[MM][Model][Perf] Remove Qwen2.5-VL modeling files and add patch for VisionAttention (#4349)

### What this PR does / why we need it? - [x] Patch `Qwen2_5_VisionAttention` with `AscendQwen2_5_VisionAttention`. - [x] Replace `AscendQwen2_5_VisionTransformer` with `Qwen2_5_VisionTransformer` in vllm. - [x] Move padding logic (q/k/v and cos/sin) before FA to `forward()` of `Qwen2_5_VisionAttention`. - [x] Covert `cu_seqlens` in `Qwen2_5_VisionAttention` from cumulative form to intervals and move it to cpu (compatible for npu FA). - [x] Remove Qwen2.5-VL modeling files. - [x] Remove Qwen2.5-VL (without padding) modeling files. - [x] Remove related UT. - [x] Make `set_forward_context` pluggable when getting MM embedding. Find more details at https://github.com/vllm-project/vllm/pull/29388. - [x] Simplify padding logic for FA. - [x] Add patch for https://github.com/vllm-project/vllm/pull/28798. ### Does this PR introduce _any_ user-facing change? No. ### How was this patch tested? - [x] Functional test (eager mode) - [x] Functional test (graph mode) - [x] Benchmark - vLLM version: v0.11.2 --------- Signed-off-by: shen-shanshan <467638484@qq.com>
2025-11-28 14:23:00 +08:00
parent bdc66972db
commit e52ebf8674
9 changed files with 802 additions and 2100 deletions
--- a/vllm_ascend/models/init.py
+++ b/vllm_ascend/models/init.py
@@ -1,7 +1,5 @@
 from vllm import ModelRegistry

-import vllm_ascend.envs as envs_ascend
-

 def register_model():
    ModelRegistry.register_model(
@@ -10,24 +8,11 @@ def register_model():

    ModelRegistry.register_model(
        "Qwen3VLMoeForConditionalGeneration",
-        "vllm_ascend.models.qwen2_5_vl_without_padding:AscendQwen3VLMoeForConditionalGeneration"
-    )
+        "vllm_ascend.models.qwen3_vl:AscendQwen3VLMoeForConditionalGeneration")

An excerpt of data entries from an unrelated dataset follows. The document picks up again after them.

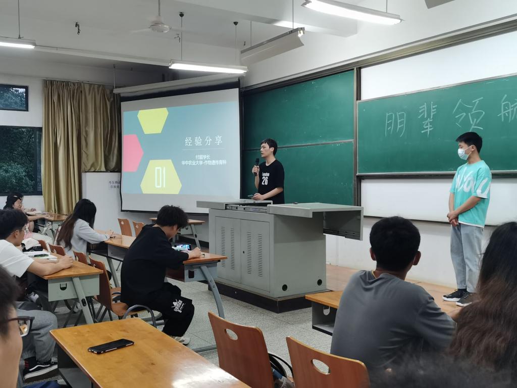 于六栋教学楼开展了朋辈领航经验分享会。会议邀请到四位成功上岸的毕业年级学生做考研经验交流分享。
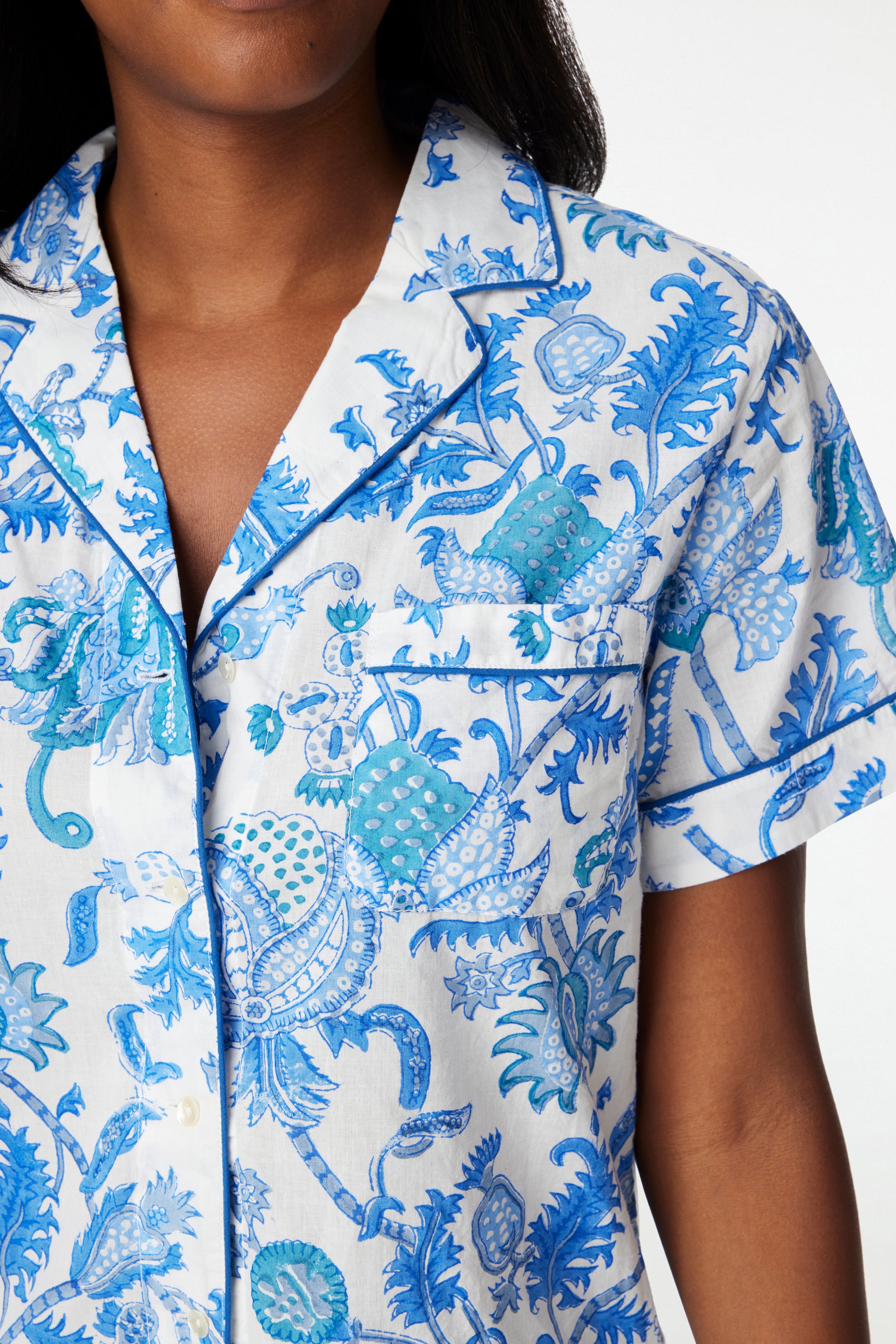 Laidback weekends and the Amanda Lulu Set go together like avocado and toast. This adorable cotton short set in a bright blue floral print includes shorts with split sides and a classic short-sleeve button-up top with a front pocket.
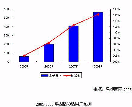 《固網(wǎng)增值業(yè)務(wù)研究系列報(bào)告-彩鈴彩話2005》中易觀國(guó)際認(rèn)為,固話彩話業(yè)務(wù)將難以像小靈通彩鈴那樣得到廣泛的應(yīng)用,但是能夠在細(xì)分市場(chǎng)中滿足固話用戶的個(gè)性化需求。易觀國(guó)際預(yù)測(cè),2005年國(guó)內(nèi)固話彩話用戶總數(shù)將達(dá)到60萬(wàn)戶,市場(chǎng)規(guī)模為1,000萬(wàn)元人民幣;到2008年,固話彩話用戶超過(guò)550萬(wàn)戶,市場(chǎng)規(guī)模將超過(guò)1.7億元人民幣。
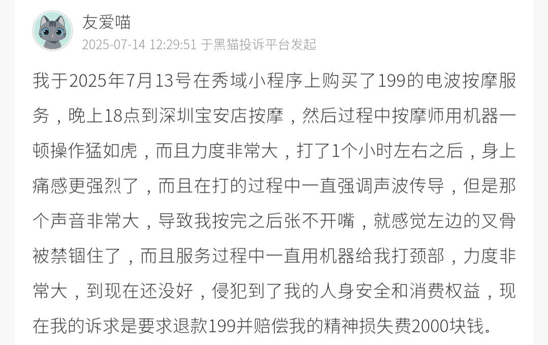 7月14日,黑猫投诉消费者表示,其于7月13日在秀域小程序购买199元电波按摩服务,当晚18时在深圳宝安店接受按摩,按摩师使用机器操作力度极大,持续约一小时,过程中强调声波传导但声音刺耳,导致按摩后身体痛感加剧、左侧颌骨活动受限且至今未缓解,认为人身安全与消费权益受到侵害,要求退还199元并赔偿精神损失费2000元。
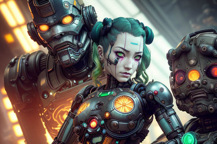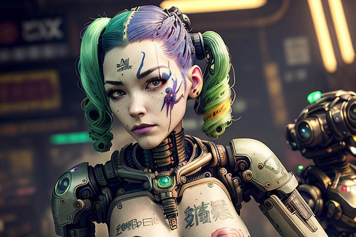 gynoid, 2d, 1980s, anime style --aspect 2:1
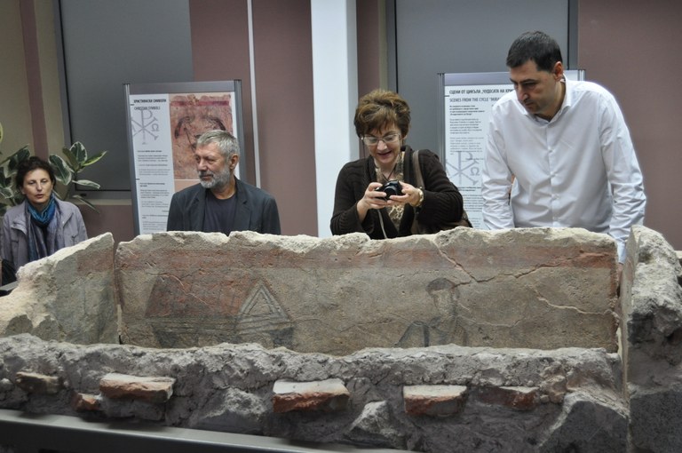 Експонатът бе представен тържествено днес в присъствието на кандидата на ПП ГЕРБ за втори кметски мандат в Пловдив инж. Иван Тотев. По негово предложение Общинският съвет отпусна средства за пълната реставрация на гробницата със стенописите, намерена на ул. „Г. М. Димитров“ при изкопни дейности на ЕВН. Директорът на Археологическия музей Костадин Кисьов благодари за подкрепата на инж. Иван Тотев и на ръководството на дружеството.
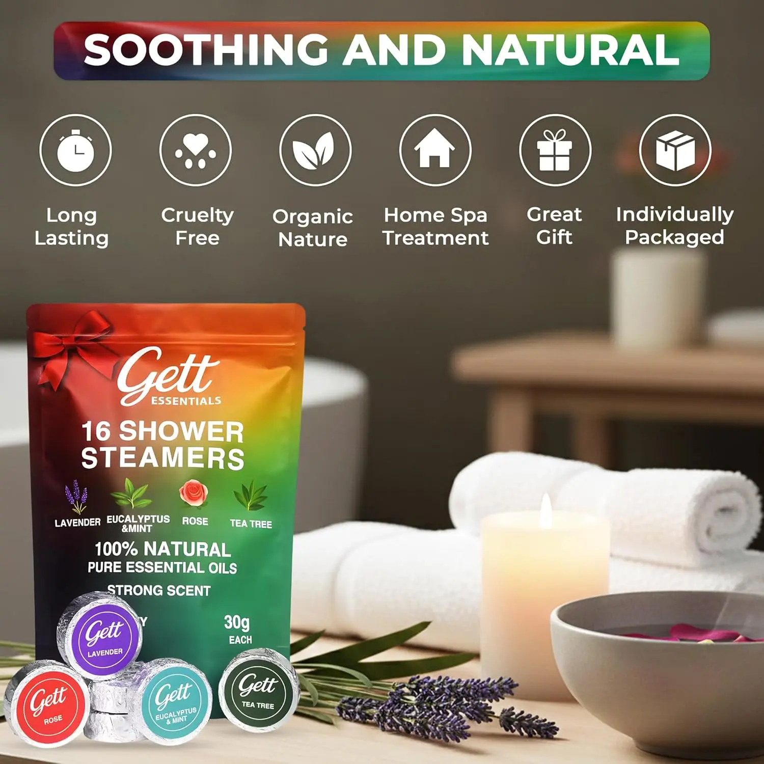Our individually wrapped aromatherapy steamers ensure freshness and convenience. Whether you’re seeking a rejuvenating boost to start your day or a calming escape before bed, these shower steamers deliver long-lasting aromatherapy that will leave you feeling refreshed and revitalized. They are more than just shower accessories; they are a thoughtful way to incorporate self-care into your daily routine.
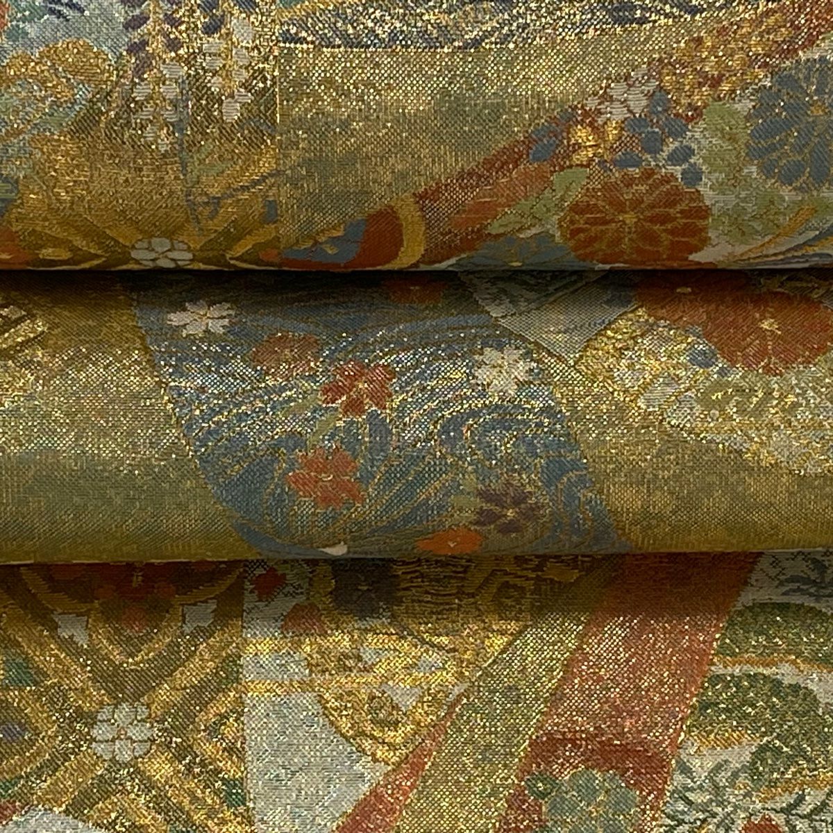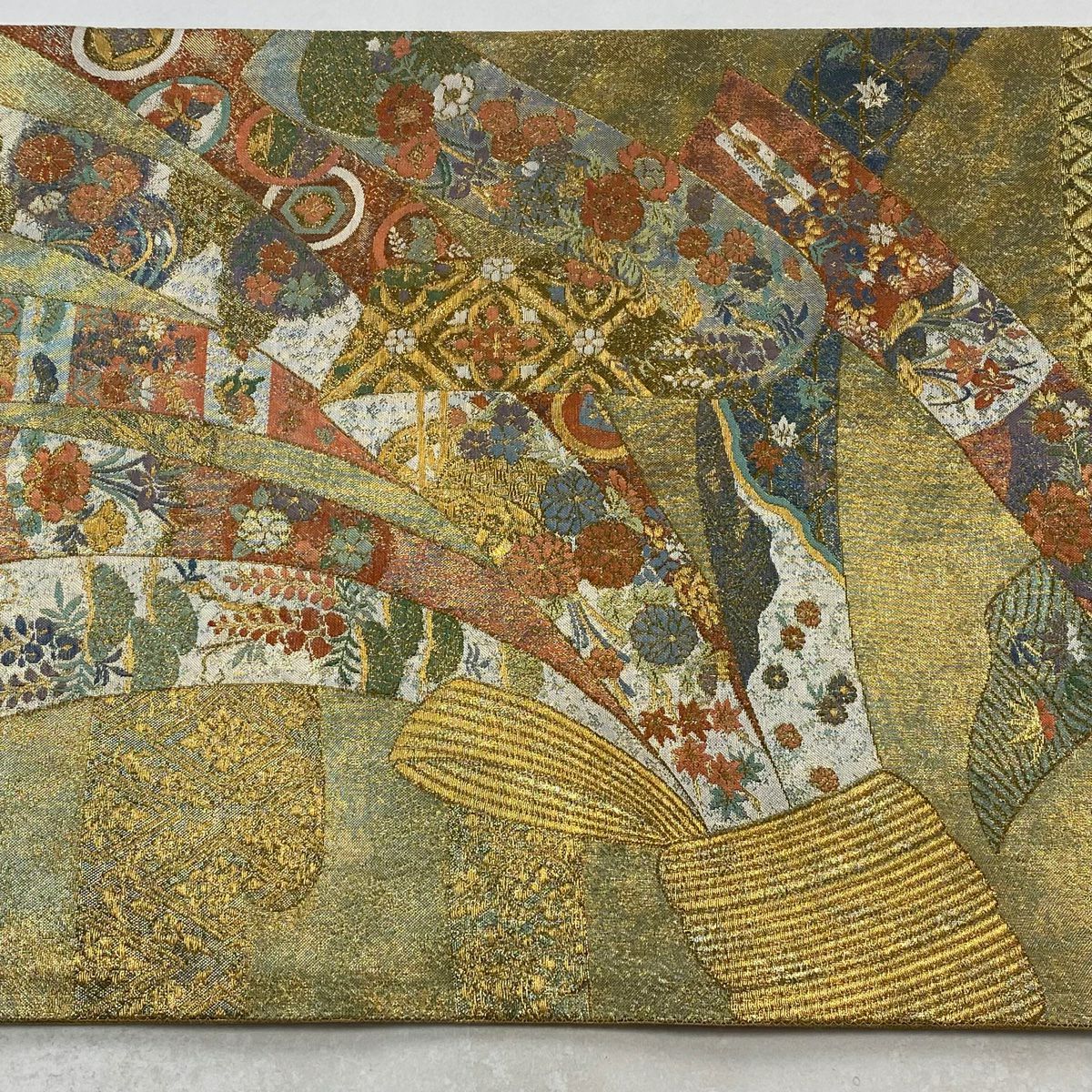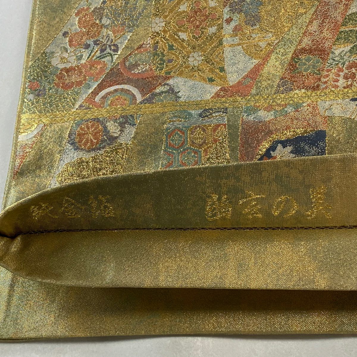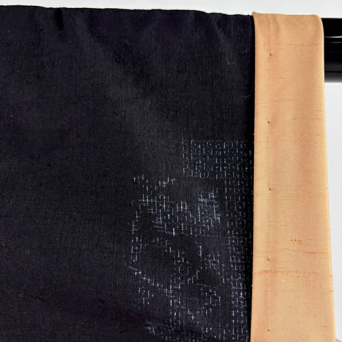 【美品】 道中着 身丈109.5cm 裄丈66.5cm M 和装コート 着物衿 幾何学模様 山吹茶色 正絹 逸品

    ModelRegistry.register_model(
        "Qwen3VLForConditionalGeneration",
-        "vllm_ascend.models.qwen2_5_vl_without_padding:AscendQwen3VLForConditionalGeneration"
-    )
-
-    if envs_ascend.USE_OPTIMIZED_MODEL:
-        ModelRegistry.register_model(
-            "Qwen2_5_VLForConditionalGeneration",
-            "vllm_ascend.models.qwen2_5_vl:AscendQwen2_5_VLForConditionalGeneration"
-        )
-    else:
-        ModelRegistry.register_model(
-            "Qwen2_5_VLForConditionalGeneration",
-            "vllm_ascend.models.qwen2_5_vl_without_padding:AscendQwen2_5_VLForConditionalGeneration_Without_Padding"
-        )
+        "vllm_ascend.models.qwen3_vl:AscendQwen3VLForConditionalGeneration")

    # There is no PanguProMoEForCausalLM in vLLM, so we should register it before vLLM config initialization
    # to make sure the model can be loaded correctly. This register step can be removed once vLLM support PanguProMoEForCausalLM.